Figure 2: A comparison of phase combination methods. VRC, Roemer and ASPIRE phase combination methods all yielded excellent phase-matching throughout the brain. The ASPIRE combination shows close to zero non-ΔB0-related phase content in GE, but in EPI some difference to HiP due to in-vivo phase instability. Values are higher for Roemer and VRC (for both GE and EPI); up to π differences from the HiP, significantly influencing estimated susceptibility values (far right).

Figure 3: a) A comparison of the performance of Nyquist ghost correction approaches. The global approach led to very low phase-matching quality and the presence of open-ended fringe lines (see arrows). A high combination quality over the entire brain was reached with the local approach. b) An illustration of the effect of using different frequencies for ASPIRE prescan and EPI measurements. Even a small frequency difference, which arose due to an automatic frequency adjustment, causes additional phase evolution and overestimation of susceptibility values.


Figure 4: Histograms and images of differences between a GE fieldmap, calculated from echoes TE = {28,35} ms and fieldmaps calculated either from 2 GE echoes or from 2 EPI runs with different TEs.

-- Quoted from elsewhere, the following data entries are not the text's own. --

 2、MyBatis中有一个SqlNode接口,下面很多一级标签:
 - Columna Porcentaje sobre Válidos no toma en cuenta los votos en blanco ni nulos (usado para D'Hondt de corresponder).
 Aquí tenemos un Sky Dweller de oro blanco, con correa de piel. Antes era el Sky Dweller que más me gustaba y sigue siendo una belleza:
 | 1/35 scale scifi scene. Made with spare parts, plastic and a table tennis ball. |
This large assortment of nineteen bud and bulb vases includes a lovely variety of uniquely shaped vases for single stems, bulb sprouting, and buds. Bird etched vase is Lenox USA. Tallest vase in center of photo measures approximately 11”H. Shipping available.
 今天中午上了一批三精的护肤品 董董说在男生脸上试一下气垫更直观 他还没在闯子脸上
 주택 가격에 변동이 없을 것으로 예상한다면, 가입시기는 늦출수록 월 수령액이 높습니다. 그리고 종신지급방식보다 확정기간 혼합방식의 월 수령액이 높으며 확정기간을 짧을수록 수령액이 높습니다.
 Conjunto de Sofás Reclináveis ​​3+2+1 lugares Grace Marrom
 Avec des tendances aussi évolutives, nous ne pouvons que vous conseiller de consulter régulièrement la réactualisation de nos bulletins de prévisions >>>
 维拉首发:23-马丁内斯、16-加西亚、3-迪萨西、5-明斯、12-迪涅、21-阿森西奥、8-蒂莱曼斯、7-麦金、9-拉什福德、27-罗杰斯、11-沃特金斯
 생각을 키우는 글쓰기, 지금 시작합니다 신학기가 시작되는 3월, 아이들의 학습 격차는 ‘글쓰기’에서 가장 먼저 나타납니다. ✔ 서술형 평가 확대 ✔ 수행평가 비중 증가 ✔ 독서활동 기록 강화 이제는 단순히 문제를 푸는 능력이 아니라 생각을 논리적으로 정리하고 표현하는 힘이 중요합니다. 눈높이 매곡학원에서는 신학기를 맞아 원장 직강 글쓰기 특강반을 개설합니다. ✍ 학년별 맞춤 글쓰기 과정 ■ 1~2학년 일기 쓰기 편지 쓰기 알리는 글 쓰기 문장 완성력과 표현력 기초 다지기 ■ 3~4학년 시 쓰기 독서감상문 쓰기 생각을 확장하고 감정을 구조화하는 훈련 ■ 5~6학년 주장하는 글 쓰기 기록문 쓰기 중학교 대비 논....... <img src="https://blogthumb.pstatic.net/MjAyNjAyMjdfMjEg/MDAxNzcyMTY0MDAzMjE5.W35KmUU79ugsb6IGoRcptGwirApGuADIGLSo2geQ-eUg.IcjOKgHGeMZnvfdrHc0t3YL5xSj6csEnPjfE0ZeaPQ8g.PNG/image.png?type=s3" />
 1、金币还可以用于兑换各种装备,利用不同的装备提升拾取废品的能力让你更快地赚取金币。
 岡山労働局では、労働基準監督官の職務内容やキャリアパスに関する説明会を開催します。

Mean EPI fieldmaps differed from GE fieldmaps of similar echo-time more than GE fieldmaps from different echoes. In vivo EPI fieldmaps showed large variation over time depicted by 5 single-volume fieldmap difference images, and also by the jumps between slices, which were acquired interleaved. There was also a trend of increasing differences of both GE and EPI fieldmaps with increasing TE in phantom and in vivo.

Figure 5: The influence of correction for local TE variation in EPI on the differences between EPI and GE fieldmaps illustrated for EPI data acquired with both posterior-anterior and anterior-posterior phase-encoding direction. There is substantial variation in local TE (+/- 25% of nominal value), but correcting fieldmaps for this does not reduce the differences between GE and EPI fieldmaps, that are mainly present in the frontal areas and areas close to ventricles.